More and more websites ask visitors to approve notifications and browser changes and sometimes display messages on the user’s mobile phone or desktop computer. In many cases, these reports are benign, but some shady companies pay website owners to install their report scripts and then sell this communication channel to crooks and hackers.
Notification tips in Firefox (links) and Google Chrome.
When a website you visit asks permission to send notifications and you approve the request, pop-up messages appear outside your browser. On Microsoft Windows systems, for example, they are usually displayed in the bottom right-hand corner of the screen, directly above the system clock. These so-called push notifications are based on an Internet standard designed for similar work in different operating systems and web browsers.
But many users may not fully understand what to accept when they approve the notification, or how to distinguish a message from a website that looks like a warning from an operating system or other program already installed on the device.
This is evidenced by the obvious size of the infrastructure of a relatively new company in Montenegro called PushWelcome, which enhances the ability of website owners to monetize the traffic of their visitors. Alexa.com is currently one of the top 2000 websites in terms of worldwide internet traffic.
The editors of the website that subscribes to PushWelcome are encouraged to include a small script on their site that invites visitors to approve notifications. In many cases, requests for approval of the report itself are misleading – disguised as OK to watch the video, or as CAPTCHA requests to distinguish automated robot traffic from real visitors.
A PushWelcome ad that informs you about the money that websites can earn by integrating their questionable push notification scripts.
Approval of reports from a website using PushWelcome enables each advertising partner to display the message of his or her choice at any time and in real time. And almost always these messages contain misleading references to the security risks of the user’s system, references to the installation of other software, advertisements for dating sites, erectile dysfunction and questionable investment opportunities.

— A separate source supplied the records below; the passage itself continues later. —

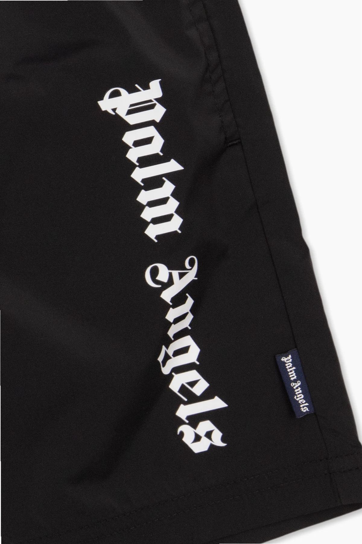 Czarne szorty kąpielowe Palm Angels Kids. W pasie wszyta guma. Z przodu ozdobione nadrukowanym białym logo. Trzy kieszenie: dwie z przodu i jedna z tyłu z patką.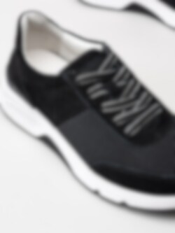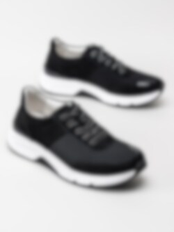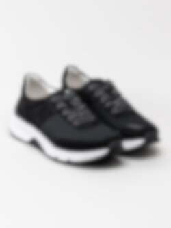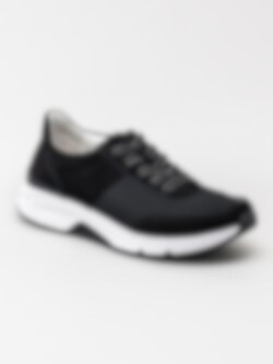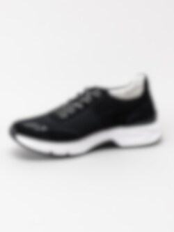 Svarta promenad-sneakers från Rollingsoft Sensitive by Gabor i mocka och stickad mesh. Svart 5-håls klassisk snörning i bomull för att justera till skön individuell passform och mjukt fodrad plös. OptiFit praktisk löstagbar innersula klädd i skinn som känns riktigt skön mot foten. Insidan i skinn och textil. Yttersulan i gummi och syntet. Rollingsoft sensitive är sulan med unik flexibilitet. Den är superlätt och i flera lager vilket ger stöd och stabilitet under hålfoten. Den rullande sulan ger en skön övergång i varje steg utan att påverka balansen eller att det märks. Man går helt enkelt otroligt bekvämt. Är du ute och går mycket så är denna sko ett självklart val, en snygg klassiker som passar många fötter.
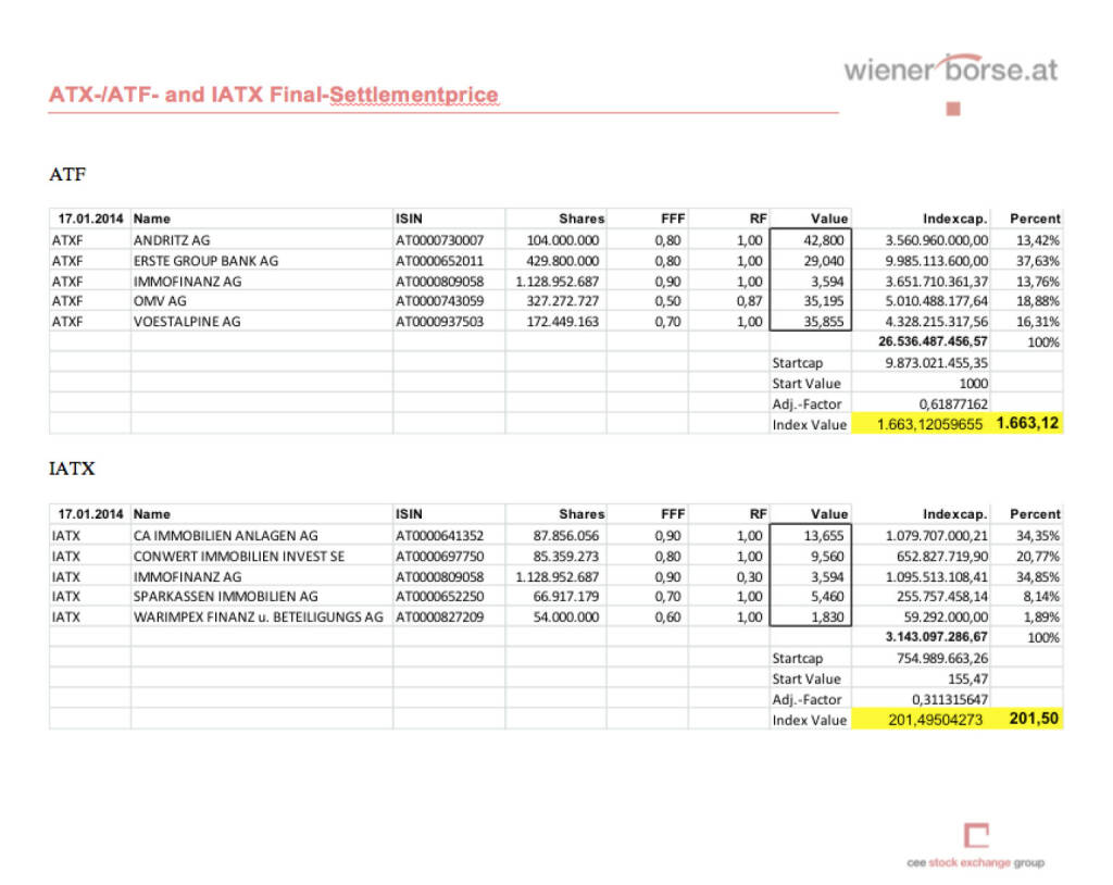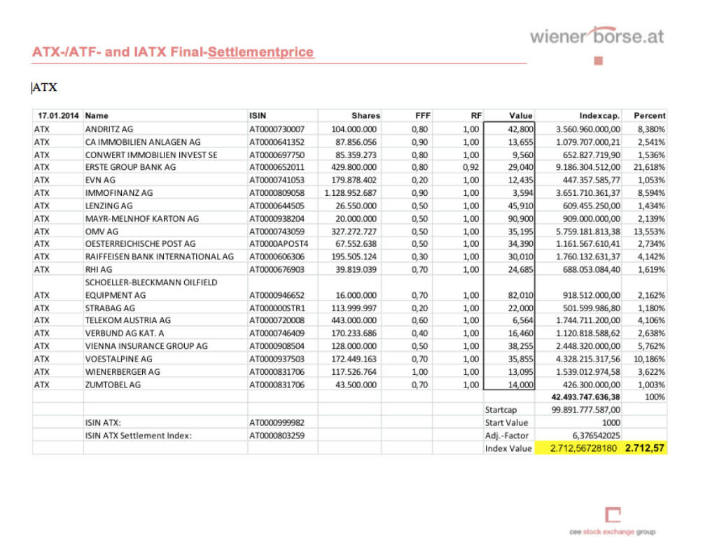 IATX- und ATXFive-Settlements Jänner 2014 (c) Wiener Börse (17.01.2014)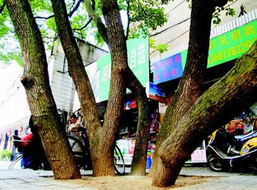 同一條根,6個主枝,在芙蓉中路三段145號一家店鋪前有這樣一棵罕見的“6胞胎”樟樹。其中最粗的160厘米,最細(xì)的也有80厘米,通高21米,樹冠面積70—80平方米。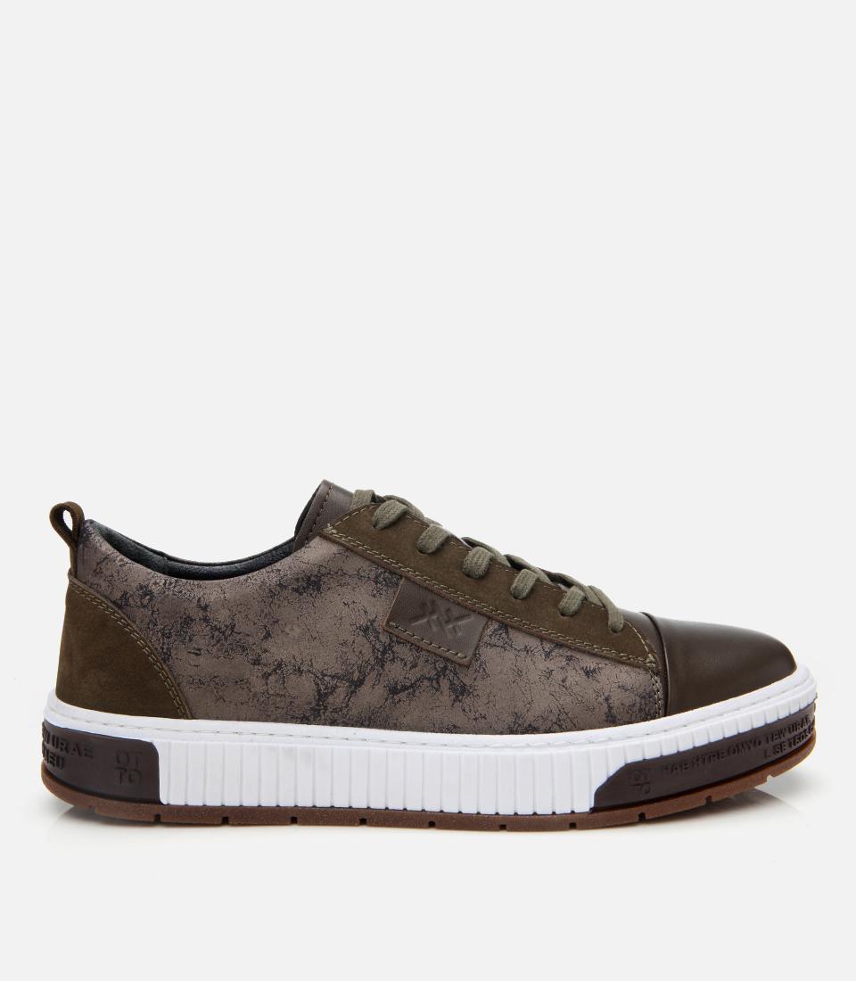 Erkek Deri Haki Baskılı Spor Ayakkabı
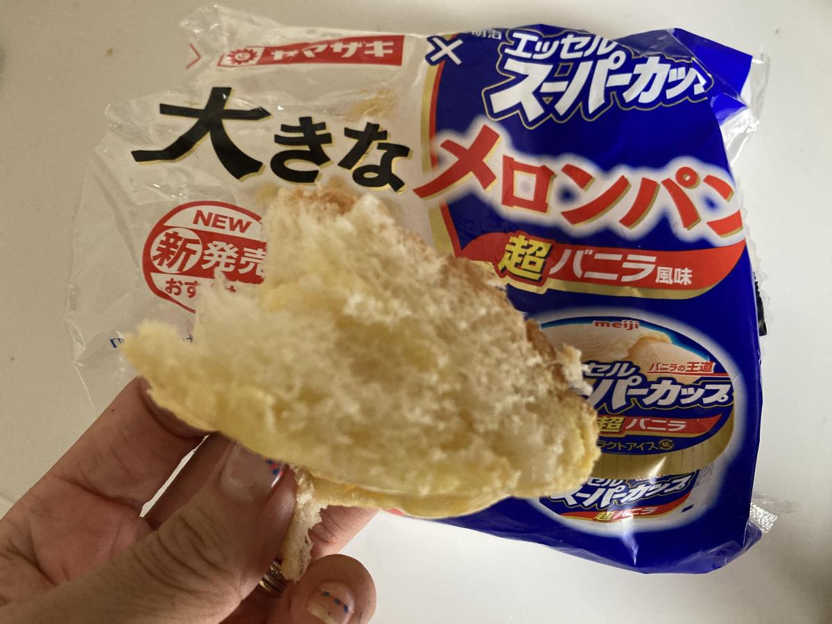 スーパーカップが好きなので試しに買って見ました。メロンパンの生地がしっとりして食べて行くと中のクリームがスーパーカップを連想させるバニラで美味しいかったです。これが、期間限定なんてもったいないです。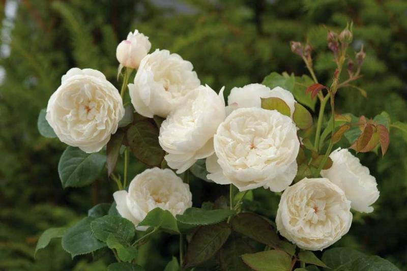 Põõsasroos William and Catherine on valge roos, millel on hästi täidetud vana roosi õied. Värsked õied on alguses õrnalt aprikoosi värvi, millest saavad kiiresti kreemvalged ja siis puhasvalged õied. Õis puhastab end ise – kroonlehed kukuvad peale õitsemist ise maha. Hea tervisega, atraktiivne põõsas, pigem püstise kasvuga. Põõsa kõrgus 1,2 m, laius 1 m. Keskmise tugevusega mürrilõhnaline roos. Parim kasvukoht on täispäike. Haiguskindlus ja talvekindlus on väga head, talvel piisab üles muldamisest või multsimisest.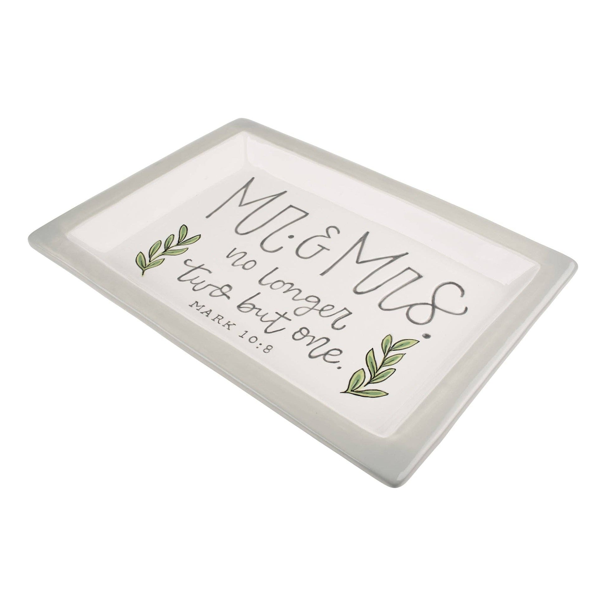 Celebrate the most blessed of unions with this sweet, Mr. and Mrs. trinket tray! Ideal for newlyweds that are building a life and home together!
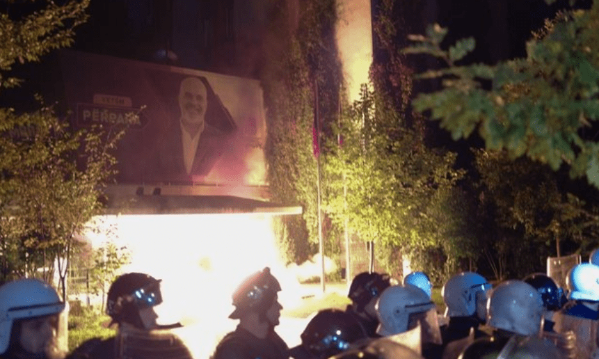 Protestuesit hodhën molotovë në drejtim të kryeministrisë.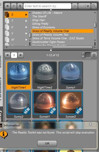 Hi All - I just purchased & installed Skies of Reality Vol 1 & 2. I've loaded a set/scene & when I try to load a setting from either of these volumes, I get a message box advising ' The Reality Toolkit was not found. The script will stop execution.' Can anyone tell me what I'm doing wrong?? Thank you.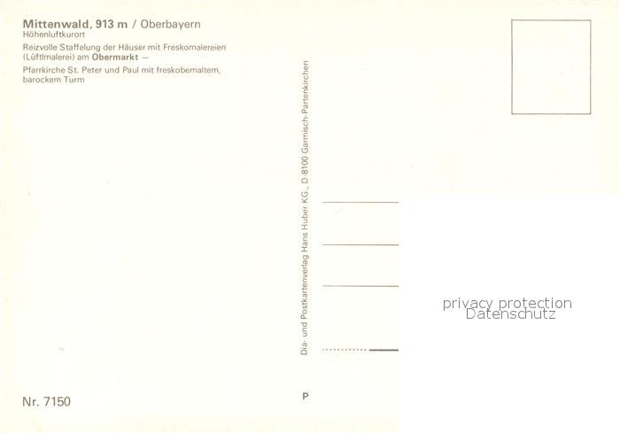 73303682 Mittenwald Bayern Obermarkt Haeuser mit Freskomalereien Lueftlmalerei Pfarrkirche St Peter und Paul Barocker Turm postalisch nicht gelaufen Erhaltung siehe scans [FriedD77] KatCode: 11110009180123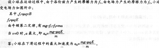 题目:如图所示,空间有水平向右的匀强电场E与垂直纸面向外的匀强磁场B。竖直固定的绝缘长杆上套有一个带正电的小球,带电量为q、质量为m,小球和杆间的动摩擦因数为μ,且mg>μqE。现使小球由静止释放,求小球在下滑过程中的最大加速度。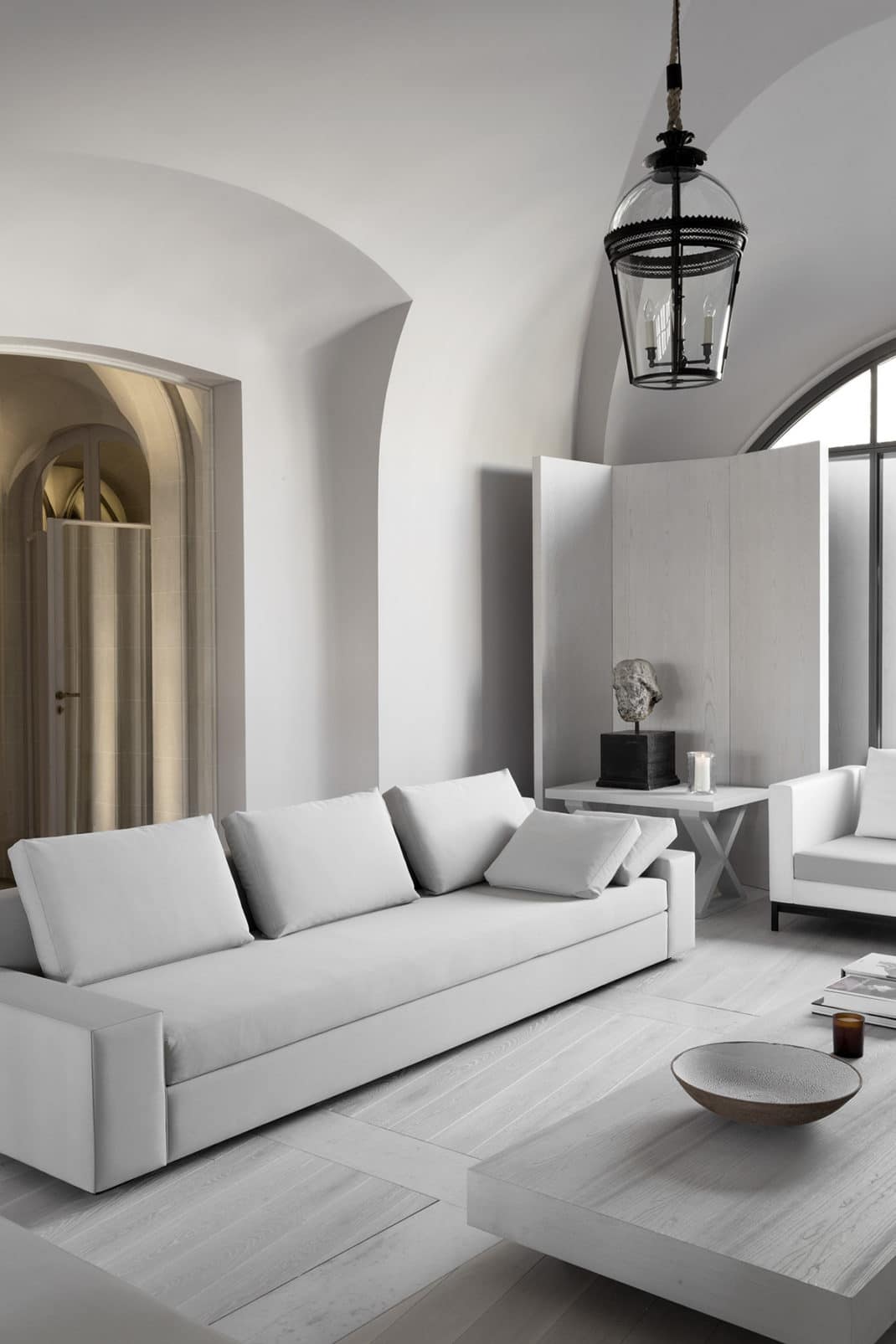 L’approche esthétique de Guillaume Alan est minimaliste mais elle s’inspire toujours de l’histoire. Le salon, par exemple, a un plafond voûté inhabituel qui encadre une grande fenêtre cintrée inspirée d’une vieille porte d’Oxford. Une cheminée en marbre de 3 m de long enjambe le salon et semble flotter comme si elle était suspendue.

This corresponds to an in-depth analysis of the PushWelcome network by Indelible LLC, a cybersecurity company based in Portland, Oregon. Frank Angiolelli, vice president of security at Indelible, said fraudulent reports can be used to phish accounts and protect users from malware and other unwanted applications.
This method is currently used to disseminate something similar to adware or click fraud, said Angiolelli. Attention is drawn to this aspect, which is so insensitive to the termination of security programmes that there is a real risk that this activity will be used for much more harmful purposes.
Sites associated with PushWelcome often use misleading messages to encourage people to approve reports.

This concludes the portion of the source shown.